《本日はパパはニュースキャスターのイベントがありました。コロナ禍なのに、お集まりくださった方々、遠方から駆けつけて下さった方ありがとうございました》
3月21日、Instagramにこう綴ったのは西尾まり(48)。同日は田村正和さん(享年77)が’87年に主人公を演じた『パパはニュースキャスター』(TBS系)のイベントが、横浜市内で開催された日だった。
「ドラマ番組の出演者やスタッフが自ら制作した番組を振り返るイベントで、観覧客を200名ほど迎えて実施されました。西尾さんだけでなく、本ドラマで田村さんの娘役を演じた大塚ちか子さん(50)と鈴木美恵子さん(48)も出席。さらに脚本家の伴一彦さんらも参加し、和気あいあいとした会になったそうです」(ドラマ関係者)
西尾は冒頭のコメントに続けて、《正和さんをこのメンバーでしのぶ事もでしました。本当に本当に色褪せない面白いホームコメディだなぁと、改めて思いました。こうやって元気で集うことができて感謝しかありません》とコメントしている(原文ママ)。
田村さんが逝去してから、今日で1年。4月からはCS放送局「衛星劇場」で6カ月間にわたり、若き日の田村さんの出演映画が放送されるなど、今もなお大スターを偲ぶ声は止まない。
■50年以上連れ添った妻・和枝さんとの出会い
ドラマへの出演は、’18年放送の『眠狂四郎 The Final』(フジテレビ系)が最後となった田村さん。晩年は表舞台から退き、隠居生活を送っていた。そんな田村さんを側で支え続けてきたのが、3歳年上の妻・和枝さんだった。
田村さんは、’70年に銀座の一流テーラーの娘である和枝さんと2年の交際を経て結婚。出会いは友人宅のパーティーだった。同年9月に本誌が取材した際、2人は互いの第一印象についてこう語っている。
「無心にゲームしてる彼がクールで純情そうで」(和枝さん)
「彼女は初対面から親切で気がついて」(田村さん)
結婚後も人気俳優として多忙な日々を過ごす田村さんだったが、和枝さんをロケ先に帯同することもあったという。
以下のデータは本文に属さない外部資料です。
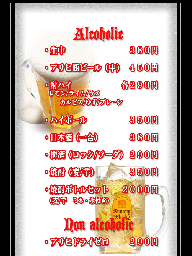 ビールは勿論、焼酎・日本酒・ウィスキーから
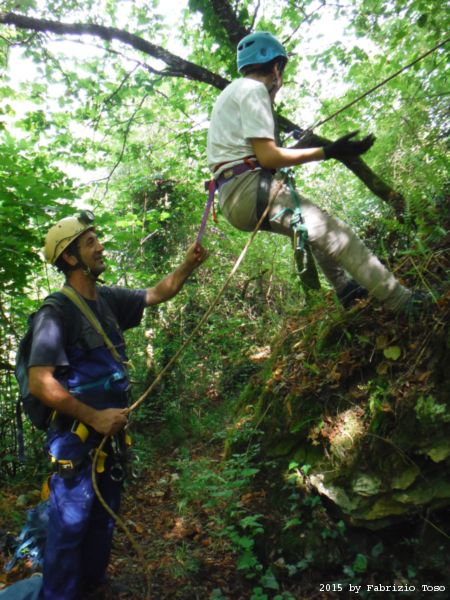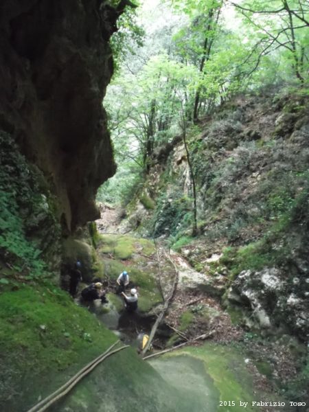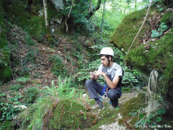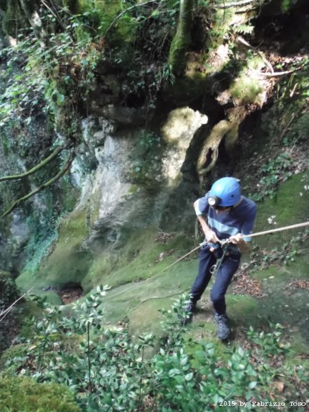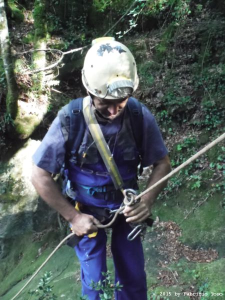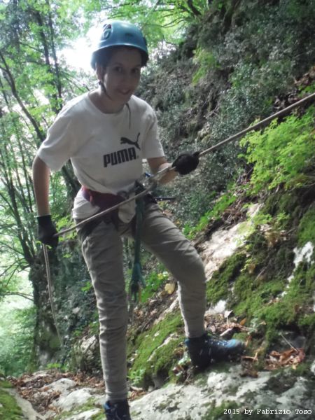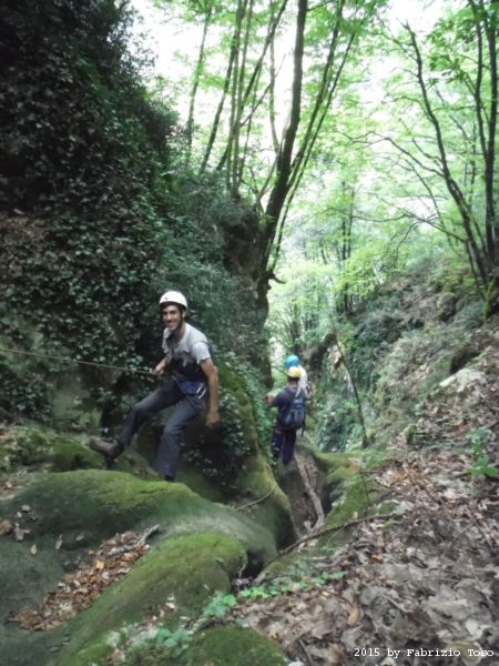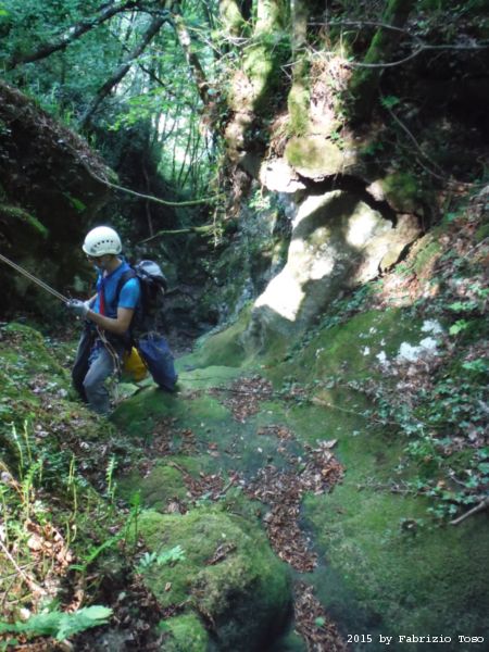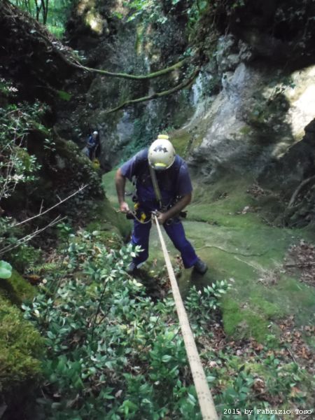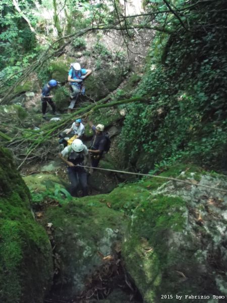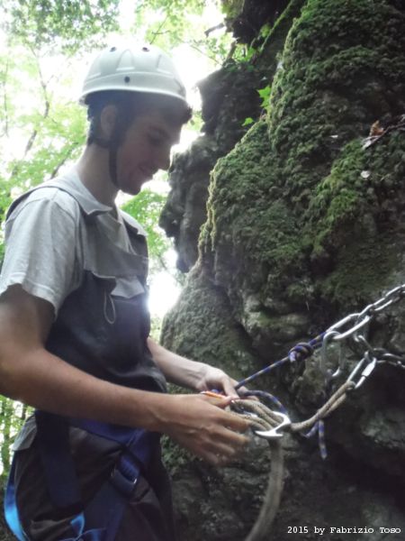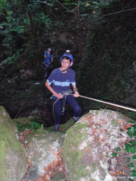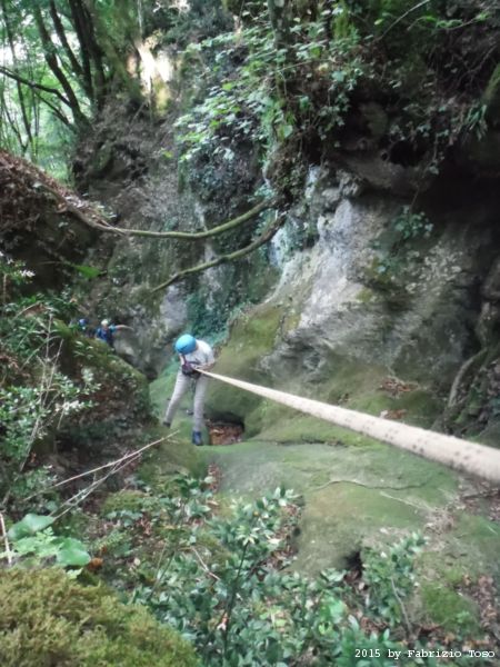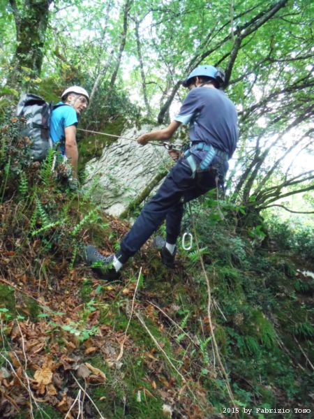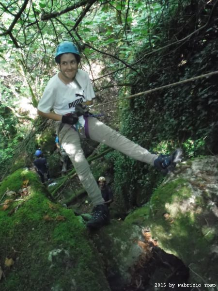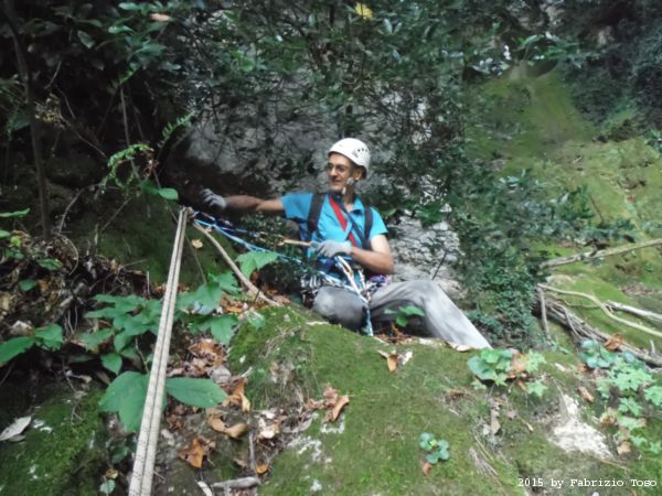 Iniziamo la discesa della forra. Ora si fa sul serio! Il primo a scendere dopo Stefano e’ Tommaso, quindi e’ il momento di Andrea.
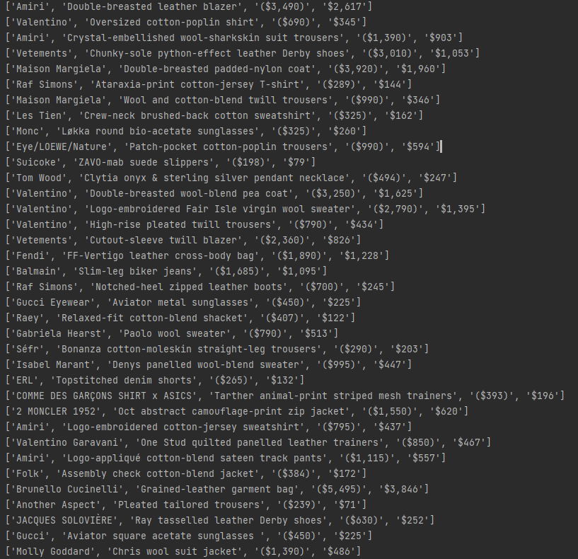 해외 유명 편집샵인 매치스패션,마이테레사,컬티즘,육스 웹 사이트에서 세일하고 있는 제품을 Python을 활용하여 데이터를 추출하고 csv파일로 저장해보겠습니다.
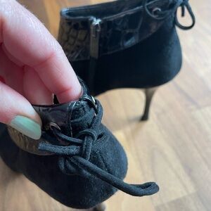 In good condition gently worn. Genuine suede made in Italy. Lace up details on the back. Side zipper. Pointy toe. Mix embossed fabric. Heel height: 4''. Made in Italy.
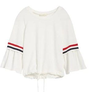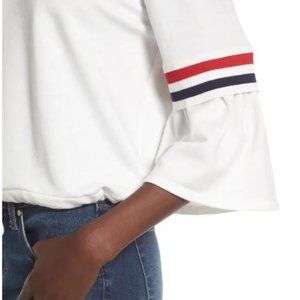 Old-school athletic style with on-trend appeal—this retro varsity-stripe sweatshirt is playfully updated with flared bell sleeves.
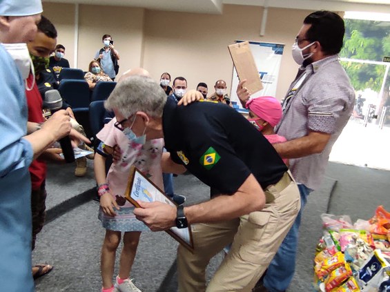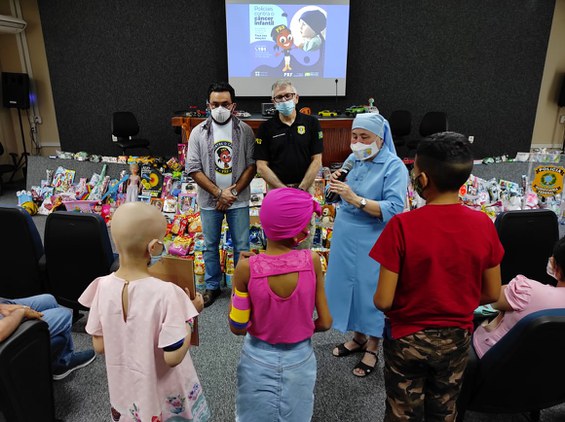 Policiais, voluntários e representantes das instituições se reuniram na manhã de hoje para celebrar a solidariedade. Durante dias de arrecadação e eventos em prol das crianças com câncer, as ações da PRF e parceiros já somaram a monta de mais de 600 brinquedos e 700 itens de alimentação e higiene que serão destinados aos pequeninos e suas famílias. As instituições beneficiadas são o Lar Amigos de Jesus e a Casa do Menino Jesus.
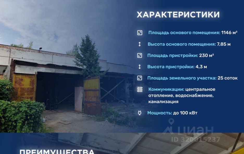 Объект отлично подойдёт под тяжёлое оборудование — в здании установлена кран-балка, предусмотрено центральное отопление и мощность до 100 кВт.
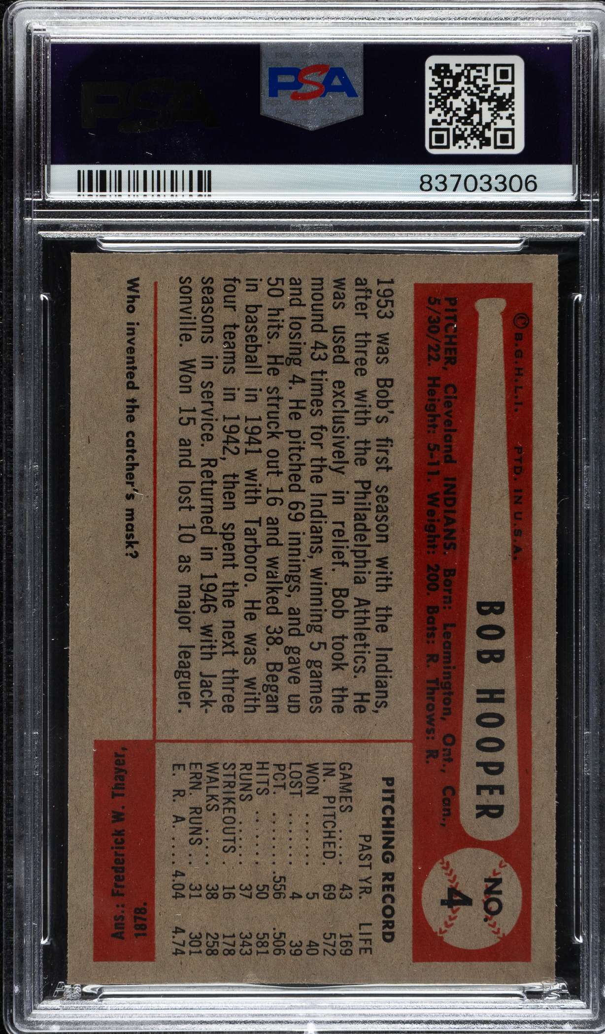 Lot # 1568: 1954 Bowman #4 Bob Hooper PSA MINT 9
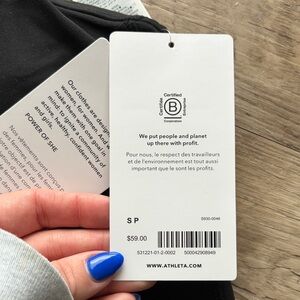 Brand new black crop top by Athleta. Ideal for workouts or casual wear. No rips or tears. Built in bra.
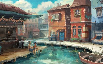„You are the yellow marble on the rafting track. Good luck on the dangerous track. There are already some crashed.“
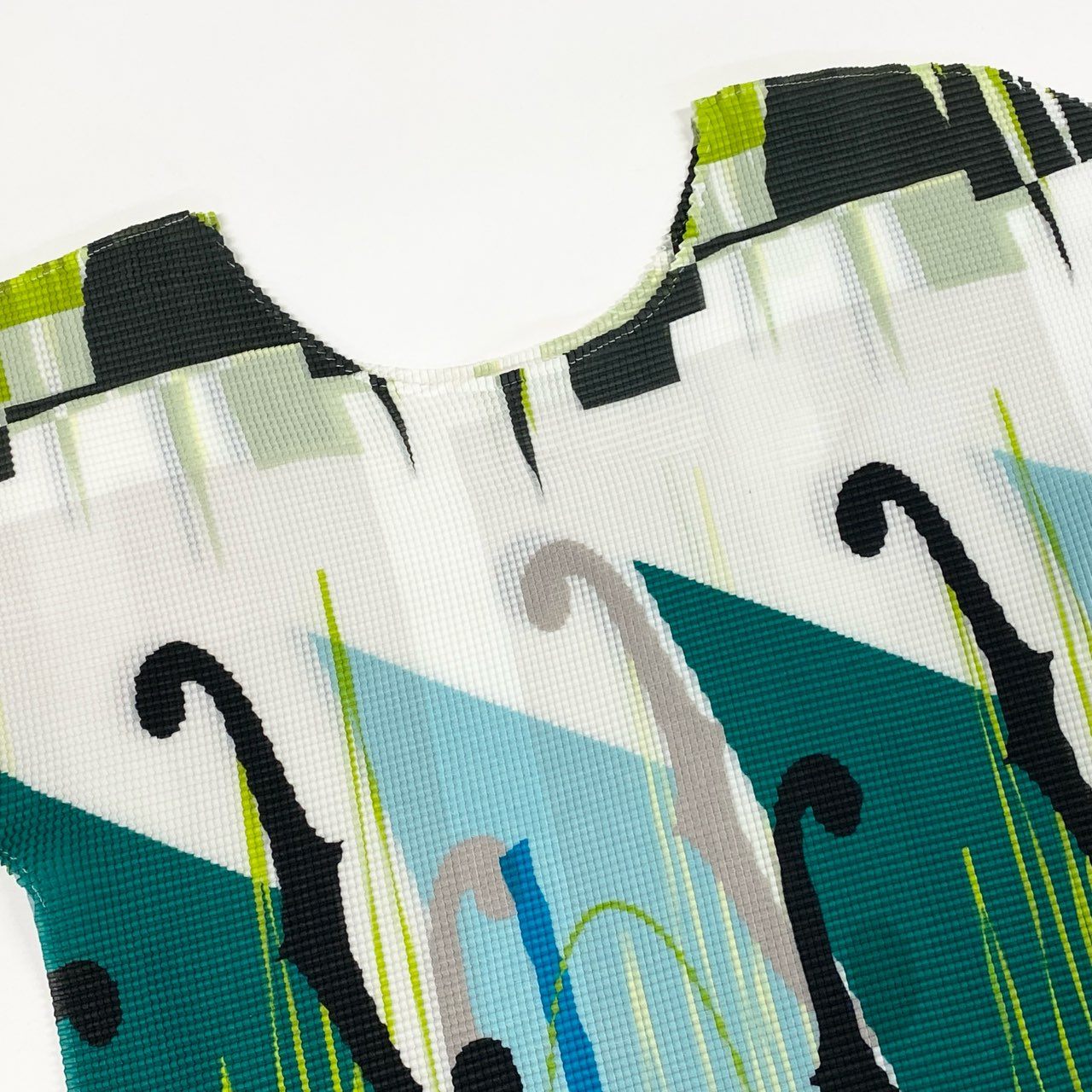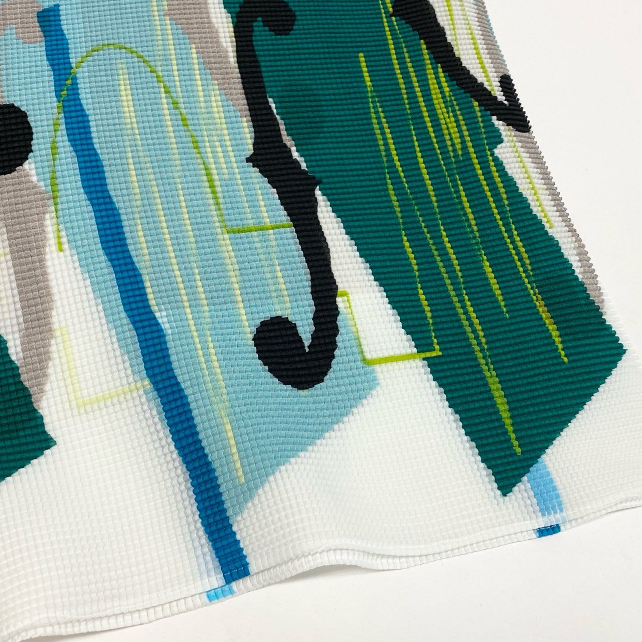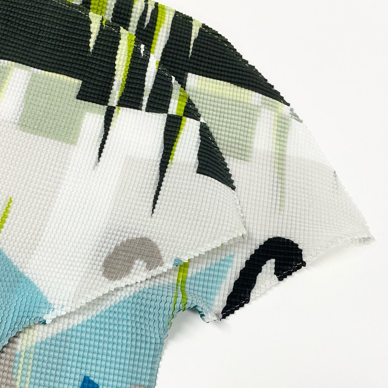 ホワイトベースにエメラルドグリーン、ターコイズブルー、ブラック、グレーを組み合わせたジオメトリック総柄デザインです。細かなプリーツによるワッフル調の立体感ある素材で、軽やかで伸縮性に優れています。大胆な曲線モチーフと幾何学柄が目を引くアート性の高い一着。コンパクト丈でスタイルアップ効果もあり、シンプルなボトムと合わせるだけでモード感のあるコーディネートが完成します。イッセイミヤケらしい機能美とデザイン性を兼ね備えたアイテムです。
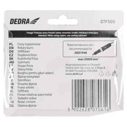 průměr stopky 6 mm, materiál: HSS, max. otáčky 30000 ot/min, pro použití s přímými bruskami při opracování měkkých kovů, hliníku atd., doporučeno pro DED7948
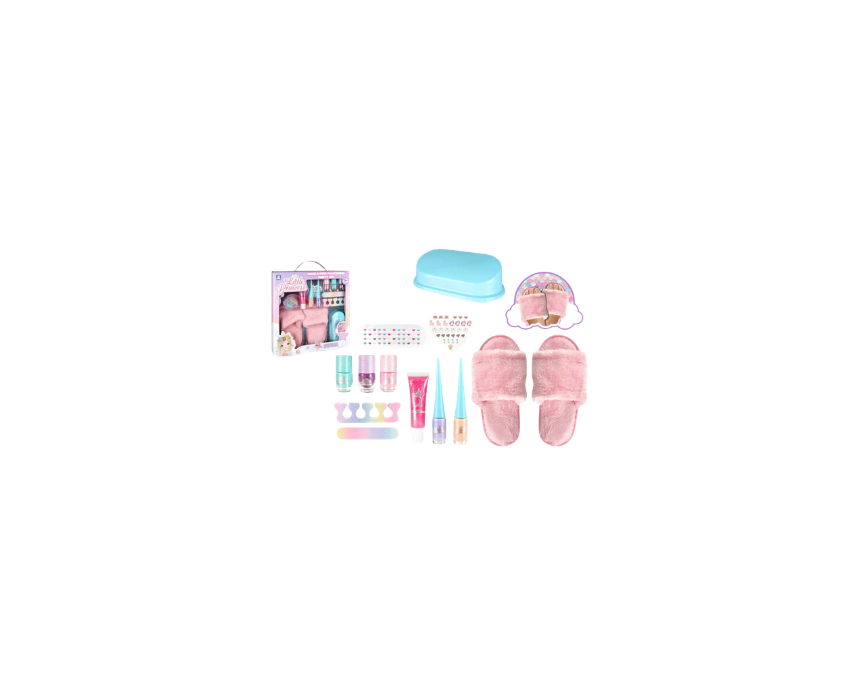 The Little Princess Mani & Pedi Party Set lets children enjoy pretend pampering with nail polish, lip gloss, nail files, and nail stickers. The set also includes pink fluffy slippers, creating a complete makeup and spa play experience. Kids can apply the makeup, decorate their nails, and wear the slippers for a fun, stylish spa day at home.
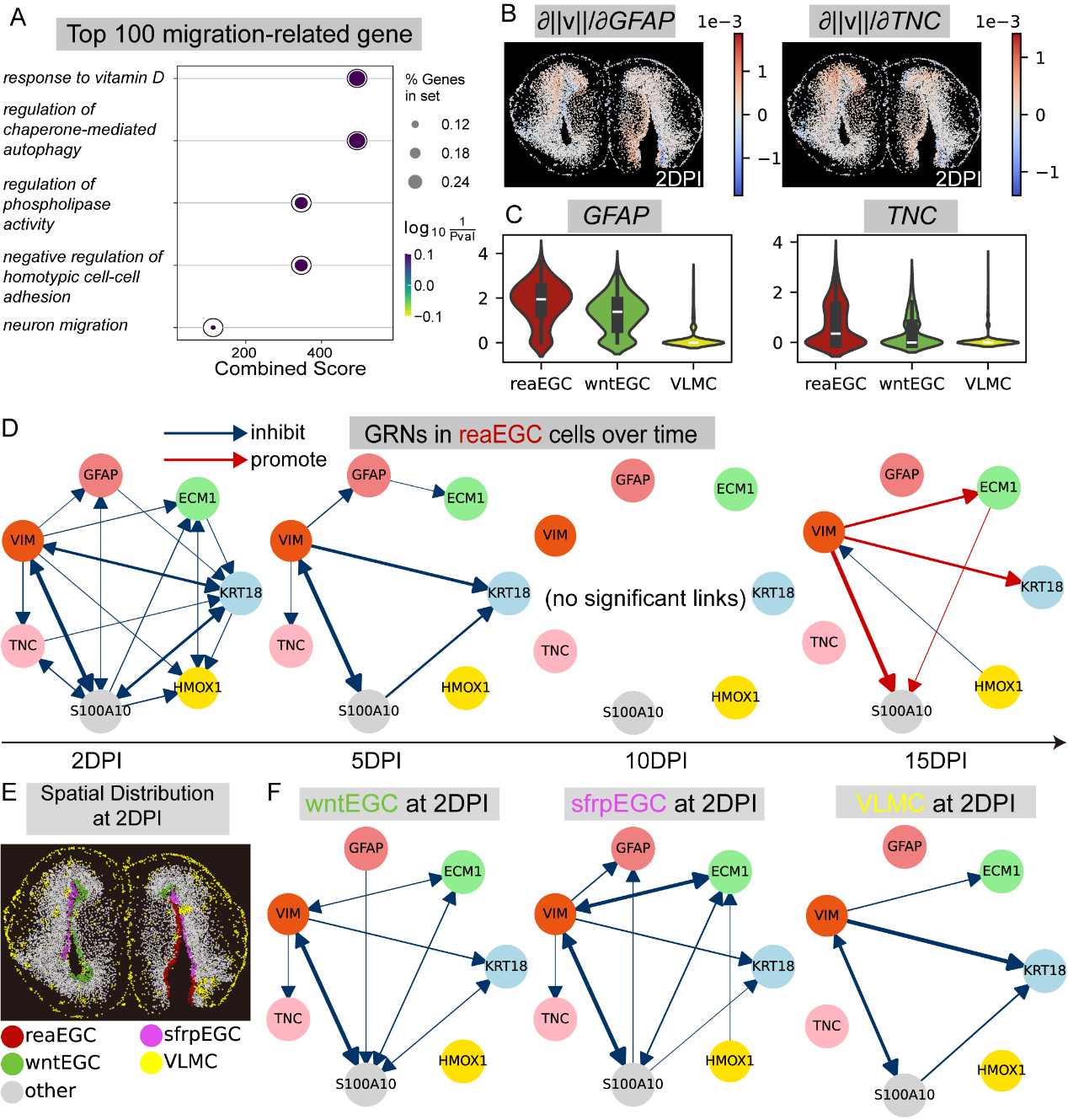 除了重构表型轨迹,stVCR还能深入解析潜在的分子机制。通过计算物理迁移速度和生长率对基因表达的偏导数,研究团队识别出了“迁移驱动基因”和“生长驱动基因”。GO富集分析表明这些基因与神经元迁移、细胞粘附调节及核糖体生物合成密切相关。此外,stVCR推断的动态基因调控网络显示,关键基因之间的调控关系随时间发生动态变化,且受到细胞空间位置的显著影响,展示了其在解析复杂时空基因表达模式方面的解释能力(图3)。

テレビ局関係者が言う。
「’04年放送の『新ニューヨーク恋物語』(フジテレビ系)の撮影では、ご夫婦で半月あまりNYに滞在しました。ある日、2人でホテルのクラブで過ごしていると、人気ドラマ『刑事コロンボ』のコロンボ役を演じたピーター・フォークを和枝さんが発見。偶然にも同じ場に『古畑任三郎』と『コロンボ』が居合わせたことに、田村さんも大笑いしたというのは有名なエピソードです」
田村さんと和枝さんの間には、1人娘のAさんがいる。’01年にある企業の子息と結婚し、現在は社長夫人となっている。
かつて田村さんは週刊誌の対談で、《子供とはあまりつき合わないですね。子供が嫌いだから》(『ヤングレディ』’76年4月12・19日合併号)などと語っていた。
「田村さんは食事をする姿を人に見せないだけでなく、ガムの噛み方にまでこだわる人。そのような“美学”は家族観にも及びました。雑誌やテレビのインタビューでは、所帯臭さを感じさせないコメントを徹底していました」(芸能関係者)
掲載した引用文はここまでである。